Si giunge a Obrov, ridente località della Slovenia, dove ci si ferma per pranzo in un ristorante immerso nei boschi. Nonna ha provveduto affinchè avessimo un posto a sedere e 5 camerieri dedicati a riempire piatti e bicchieri appena fossero vuoti.

Durante una pausa, esco per prendere una boccata d'aria e noto alcune persone davanti a una piccola struttura, in adorazione: penso vi sia una immagine della Madonna e vado a vedere. In realtà trattavasi di sana porchetta in fase di cottura all'interno di un gigantesco barbecue: madonna o no, la porchetta è sempre la porchetta.

Al termine del pranzo i fumatori si accaniscono sui propri pacchetti di sigarette, consci che per ore la dose di nicotina non potrà essere assunta.

Durante il viaggio si scatena, ad un certo punto, la diatriba sul dove ci si trova: "siamo in Italia" - "siamo ancora in slovenia" - "siamo a verona" - "siamo a venezia" - io ho letto il cartello piacenza" ..... il parroco, ex compilatore di mappe per navigatori, ha un ictus e un infarto, dopodichè afferma: "basta, ci rinuncio, fate come cazzo vi pare".

Ultima fermata in autogrill per la cena, dove ormai ci si muove come automi nella più totale inconsapevolezza di luogo e data e forse anche di se stessi.

Il casello di Villanova d'Asti viene salutato come un'apparizione divina e ad ogni fermata per scaricare pellegrini ci si saluta con calore: "sì sì. ciao, sbrigati a scendere che qua si fa notte".

Finalmente arriva la nostra fermata: si scende con passo incerto e circolazione alle gambe praticamente azzerata, si recuperano le valige e si arriva finalmente a casa dalla quale si ha la sensazione di mancare da un mese.

Seguono saluti, baci, abbracci finchè la voglia di diventare un tutt'uno col materasso ha il sopravvento e ci si riappropria del proprio letto.

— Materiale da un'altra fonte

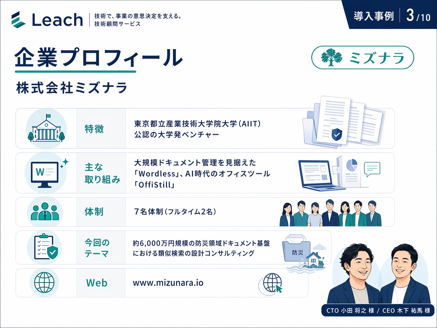 日本最大級の自治体における防災ドキュメント基盤 ── 約6,000万円規模・3年契約の案件で、数千ページの文書に対する「類似検索」をどの技術で実現すべきか。専任アーキテクトを雇うほどではない、でも社内だけでは決め切れない。この隙間を埋める形で、株式会社ミズナラは Leach 生成AI顧問を活用しました。CTO 小田 将之 様、CEO 木下 祐馬 様にお話を伺います。

Qualcosa comunque resta dentro, qualcosa che, in questo tragicomico pellegrinare, ha comunque raggiunto la parte più intima di noi. C'è chi la chiama fede, chi la chiama pace, chi la chiama serenità.....ognuno la chiami come vuole, fatto sta che è lì e credo ci resterà a lungo finchè non decideremo cosa farne e come concretizzarla nella nostra vita. Una cosa è certa, ripensando a questa settimana, si è ritornati un po' più ricchi e non credo che sia una cosa che si possa dire di ogni viaggio che facciamo........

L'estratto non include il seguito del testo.